Collected by Jimmie Morris
Mary Celestia Parler; Timbo, Ark.
Transcribed by N November 5, 1954
Reel 214, Item 3
Dry And Dusty
("This is old 'Dry and Dusty.' By the way, 'Dry
and Dusty' is an old fiddle tune, but it was a song—
as most of the old fiddle tunes were--before it was
ever a fiddle tune. And I have a little incident to
tell about this 'Dry and Dusty.' My wife's uncle,
who was Fiddling Bill Goodman, had a fiddle. And it came
a cyclone one time and blew all their houses away. And
they all claimed they could hear that old fiddle going
through the air playing 'Dry and Dusty.' Anyhow, he
never would play the fiddle anymore.")
Chorus: Dry and dusty, dry and dusty,
Oh, bring me a drink to the middle of the road;
Dry and dusty, dry and dusty,
I can't see a thing for the dust in the road.
I'd give my wife a cow and a calf,
For I ain't had a drink in a day and a half,
And if I don't find me a drink pretty quick,
I'm a-going down the road to the forks of the crick.
I shot my gun at the top of the hill,
And I whooped and I hollered like a blue whip-poor-will,
but I could not find me a dad-burned thing
But an old dead dat in the middle of the spring.
I saw that cow make a track in the ground,
And I fell to my knees and I looked all around,
But I could not see but one little sup,
And my tongue was so dry that I couldn't lap it up.

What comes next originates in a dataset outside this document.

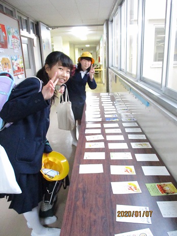 1階廊下には、地域の方から届いた年賀状が並んでいます。

When I got home with my tongue a-hanging out,
And my lips so dry that I couldn't make a shout,
And I thought, Oh, Lord, I'm a-going to hell,
When I saw that hole in the bottom of the well.
Reel 214, Item 3, con't
I fell down flat, and my old woman said,
"You're drunk as a bat, and you're out of your head,"
She-drug me out to a big mud hole,
And, I thank the Lord, she saved my soul.